PROMPT: The answer is the data below, repeated exactly, with no pictures included.

MATERIAL SHOWN:
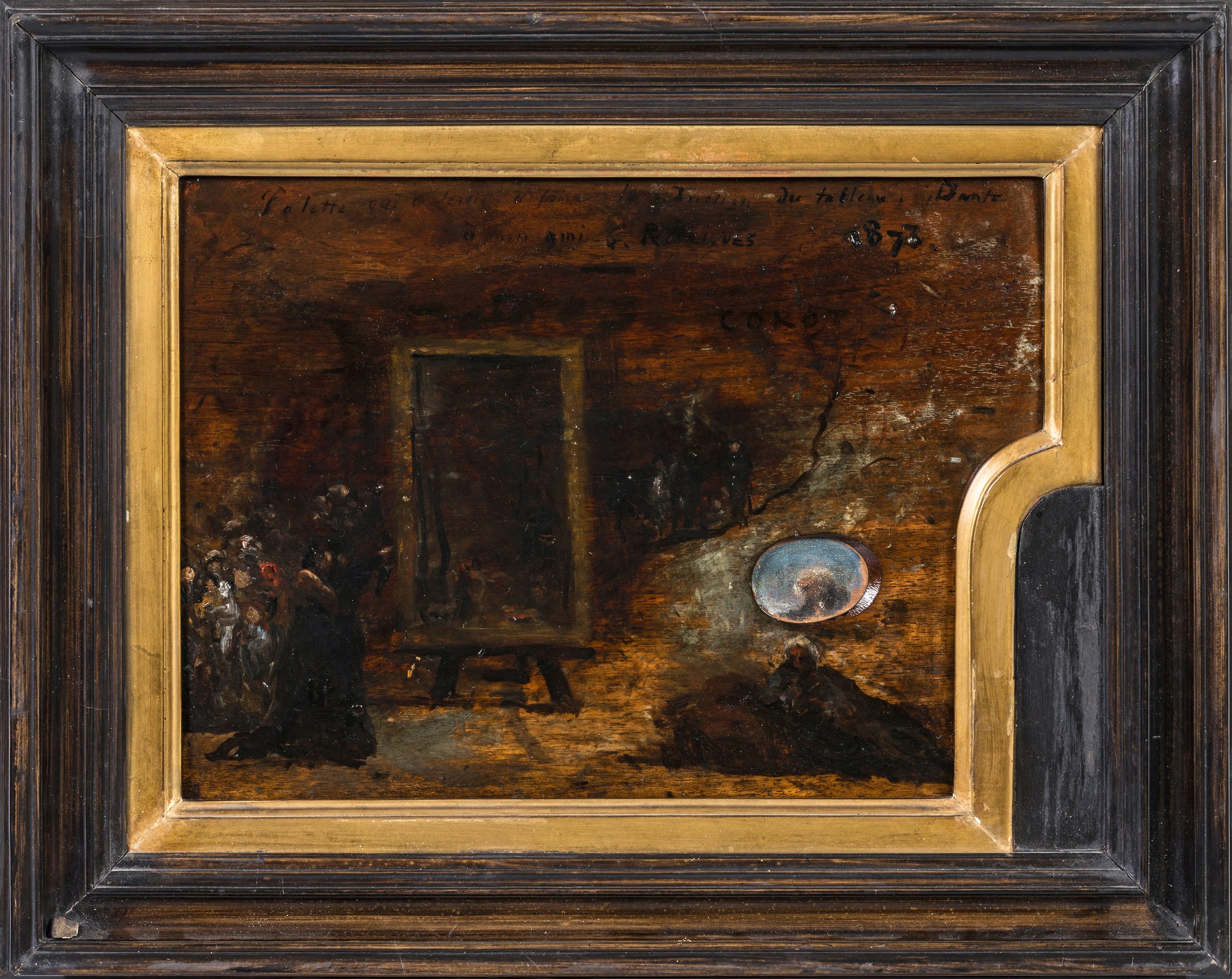 Corot passe à ce moment de réguliers séjours chez son disciple et ami Georges Rodrigues-Henriques (1830-1885) au château des Lions à Port Marly. Agent de change, Georges Rodriques s'adonne à la peinture en amateur et accueille avec générosité ses amis artistes dans sa maison de famille. Charles Daubigny, Eugène Delacroix, Alexandre Dumas et Eugène Labiche sont des habitués. Au mois d'août 1872, Corot passe une dizaine de jours aux Lions, où il peint dans sa dernière manière de maturité. L'exposition en 2001 au musée Thyssen-Bornemisza à Madrid autour du "Parc des Lions à Port-Marly" peint cette année-là fut l'occasion de rappeler les liens forts entre Corot et Rodrigues. Cette palette est offerte l'année suivante par Corot à son ami. Elle est comparable à celle conservée par le musée du Louvre, datée de 1855 (OD 16), dont on reconnaît le modèle sur l'autoportrait de 1825 (musée du Louvre, RF1608). Elle est toutefois en bon état et n'est pas recouverte de taches de peinture, le maître ayant choisi de la peindre. Il a naturellement représenté sa grande toile du Dante et Virgile sur un étonnant fond japonisant ponctué de visiteurs, en prenant soin de remplir le vide réservé au pouce par une toile sur laquelle il a situé un personnage.
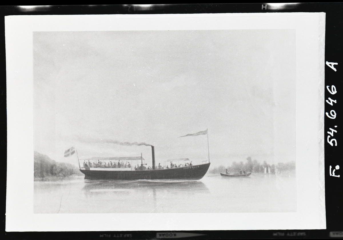 Tavla av ångfartyget SJÖFRÖKEN, målad av Per Wilhelm Cedergren
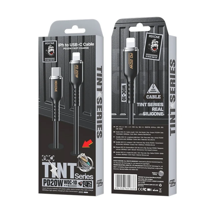 WK WDC-10 PD 20W USB-C/Type-C to 8 Pin Silicone Data Cable, Length: 1.2m, WDC-10
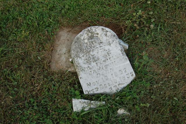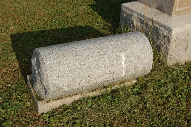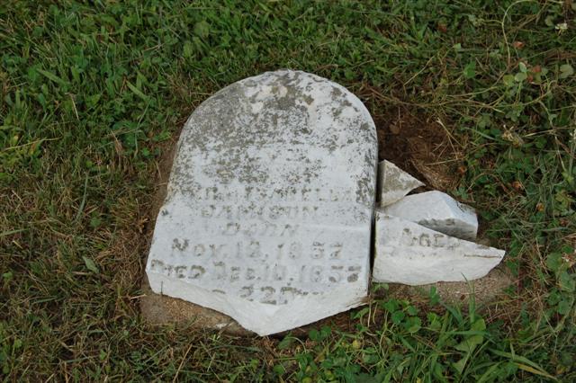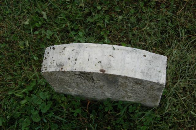 Jamison, Melvina, Dau of W. R. & Isabella, Born 18 Nov 1857, Died 10 Dec 1857, Aged 22 Days [picture taken 13 August 2008, I moved the pieces back unto the cement base, wishing I had the knowledge to repair it.]
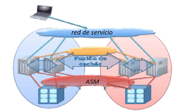 Existe una capa de software,Oracle ASM (Automatic Storage Management),que gestiona el almacenamiento de forma que todos nodos vean los discos que les presentan las cabinas como un único pool de almacenamiento. Los nodos se comunican entre sí mediante una red privada (red de interconnect) a Giga. A través de esta red intercambian información de lo que esta haciendo cada nodo y realizan una fusión de caches (todos los nodos comparten la caché), que es lo que permite que la ca¡da de uno de ellos sea transparente para la sesión del usuario. Todas la interfaces de red, tanto las del interconnect como las de la red de servicio deben estar redundadas (mediante bonding en Linux, IPMP en Solaris,etc.)para evitar que constituyan un punto de fallo.
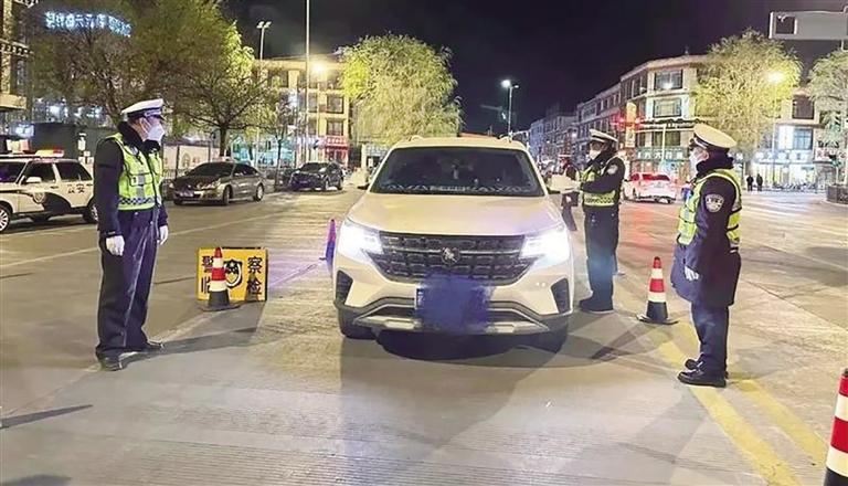 拉薩交警開展夜查酒駕統(tǒng)一行動(dòng)。圖由拉薩交警提供
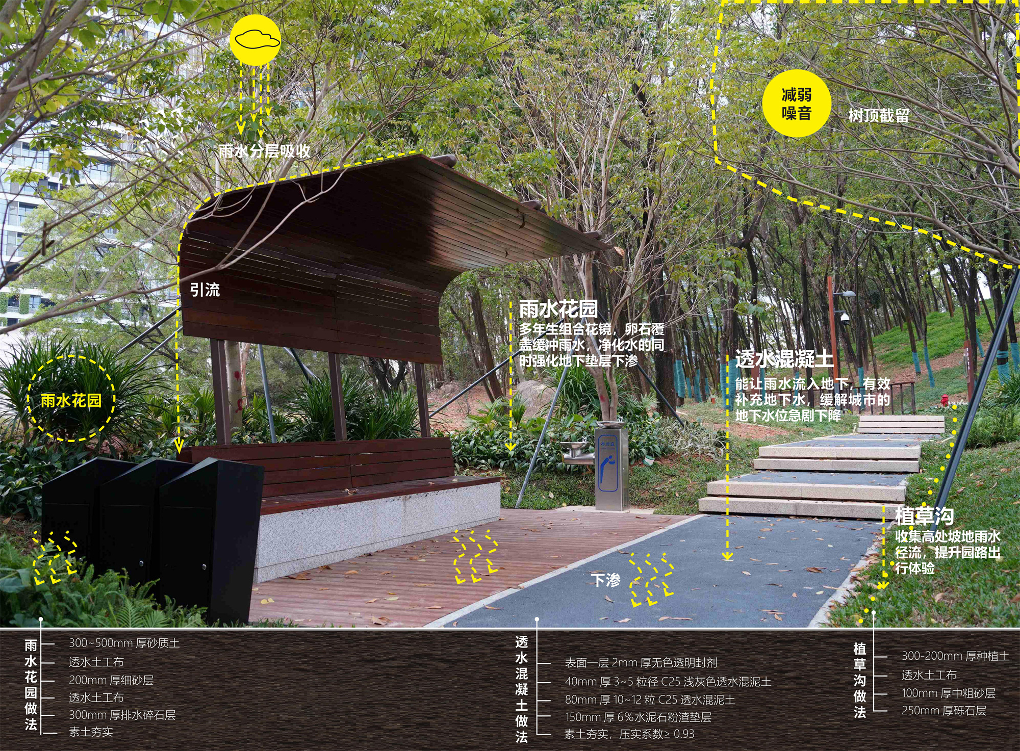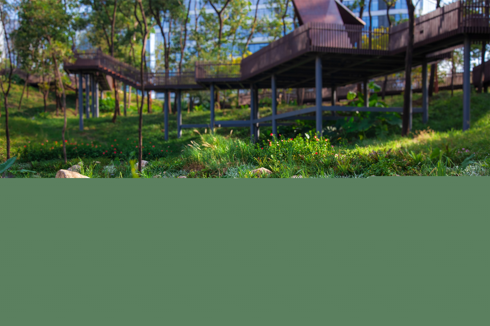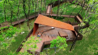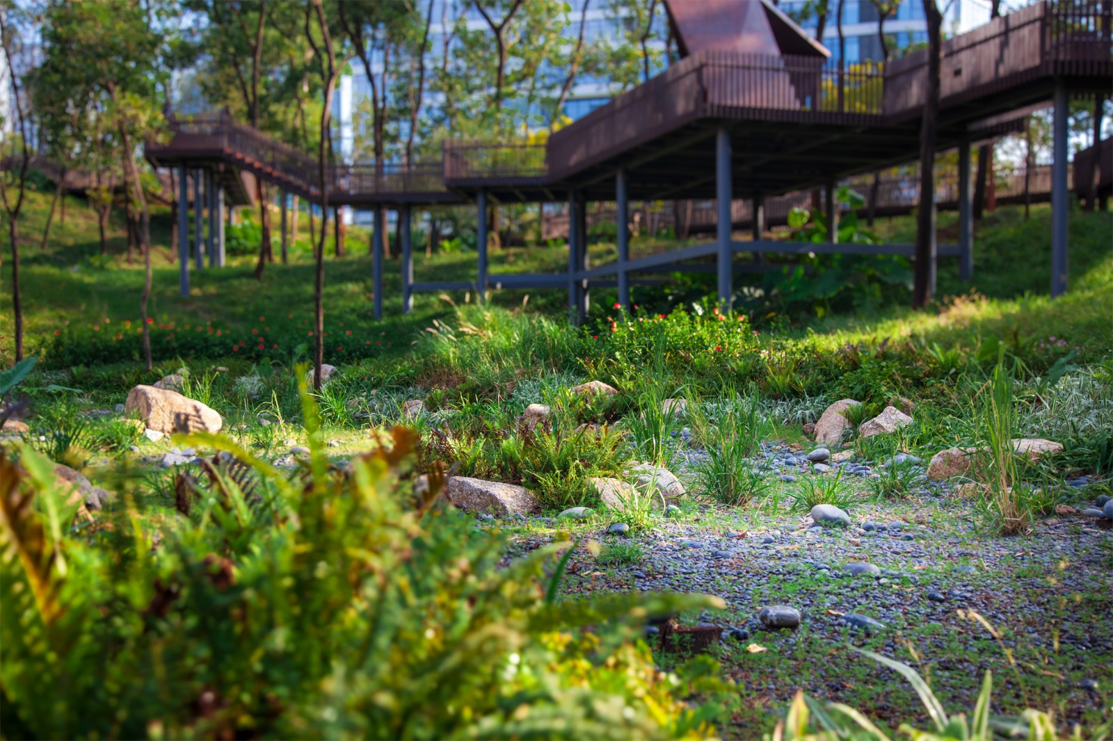 當(dāng)你走進(jìn)這片深藏于山林中的凈土,你會(huì)遇見高空棧道觀賞區(qū)、青年戶外科普?qǐng)龅?、雨水花園以及休閑活動(dòng)空間等場(chǎng)景,每個(gè)空間都是獨(dú)具記憶點(diǎn)的場(chǎng)景,為游客創(chuàng)造了豐富的景觀游賞體驗(yàn)。
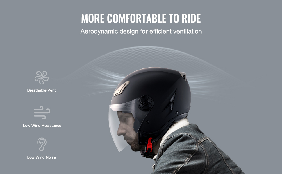 Aerodynamicky optimalizovaný tvar motocyklovej prilby výrazne zamedzuje odporu vetra a hluku, čím zabezpečuje, že jazdec je schopný jasne vnímať svoje okolie, a tým zaručuje včasnú reakciu a bezpečnú jazdu.

OUTPUT OF THE EXERCISE:
 Corot passe à ce moment de réguliers séjours chez son disciple et ami Georges Rodrigues-Henriques (1830-1885) au château des Lions à Port Marly. Agent de change, Georges Rodriques s'adonne à la peinture en amateur et accueille avec générosité ses amis artistes dans sa maison de famille. Charles Daubigny, Eugène Delacroix, Alexandre Dumas et Eugène Labiche sont des habitués. Au mois d'août 1872, Corot passe une dizaine de jours aux Lions, où il peint dans sa dernière manière de maturité. L'exposition en 2001 au musée Thyssen-Bornemisza à Madrid autour du "Parc des Lions à Port-Marly" peint cette année-là fut l'occasion de rappeler les liens forts entre Corot et Rodrigues. Cette palette est offerte l'année suivante par Corot à son ami. Elle est comparable à celle conservée par le musée du Louvre, datée de 1855 (OD 16), dont on reconnaît le modèle sur l'autoportrait de 1825 (musée du Louvre, RF1608). Elle est toutefois en bon état et n'est pas recouverte de taches de peinture, le maître ayant choisi de la peindre. Il a naturellement représenté sa grande toile du Dante et Virgile sur un étonnant fond japonisant ponctué de visiteurs, en prenant soin de remplir le vide réservé au pouce par une toile sur laquelle il a situé un personnage.
 Tavla av ångfartyget SJÖFRÖKEN, målad av Per Wilhelm Cedergren
 WK WDC-10 PD 20W USB-C/Type-C to 8 Pin Silicone Data Cable, Length: 1.2m, WDC-10
 Jamison, Melvina, Dau of W. R. & Isabella, Born 18 Nov 1857, Died 10 Dec 1857, Aged 22 Days [picture taken 13 August 2008, I moved the pieces back unto the cement base, wishing I had the knowledge to repair it.]
 Existe una capa de software,Oracle ASM (Automatic Storage Management),que gestiona el almacenamiento de forma que todos nodos vean los discos que les presentan las cabinas como un único pool de almacenamiento. Los nodos se comunican entre sí mediante una red privada (red de interconnect) a Giga. A través de esta red intercambian información de lo que esta haciendo cada nodo y realizan una fusión de caches (todos los nodos comparten la caché), que es lo que permite que la ca¡da de uno de ellos sea transparente para la sesión del usuario. Todas la interfaces de red, tanto las del interconnect como las de la red de servicio deben estar redundadas (mediante bonding en Linux, IPMP en Solaris,etc.)para evitar que constituyan un punto de fallo.
 拉薩交警開展夜查酒駕統(tǒng)一行動(dòng)。圖由拉薩交警提供
 當(dāng)你走進(jìn)這片深藏于山林中的凈土,你會(huì)遇見高空棧道觀賞區(qū)、青年戶外科普?qǐng)龅?、雨水花園以及休閑活動(dòng)空間等場(chǎng)景,每個(gè)空間都是獨(dú)具記憶點(diǎn)的場(chǎng)景,為游客創(chuàng)造了豐富的景觀游賞體驗(yàn)。
 Aerodynamicky optimalizovaný tvar motocyklovej prilby výrazne zamedzuje odporu vetra a hluku, čím zabezpečuje, že jazdec je schopný jasne vnímať svoje okolie, a tým zaručuje včasnú reakciu a bezpečnú jazdu.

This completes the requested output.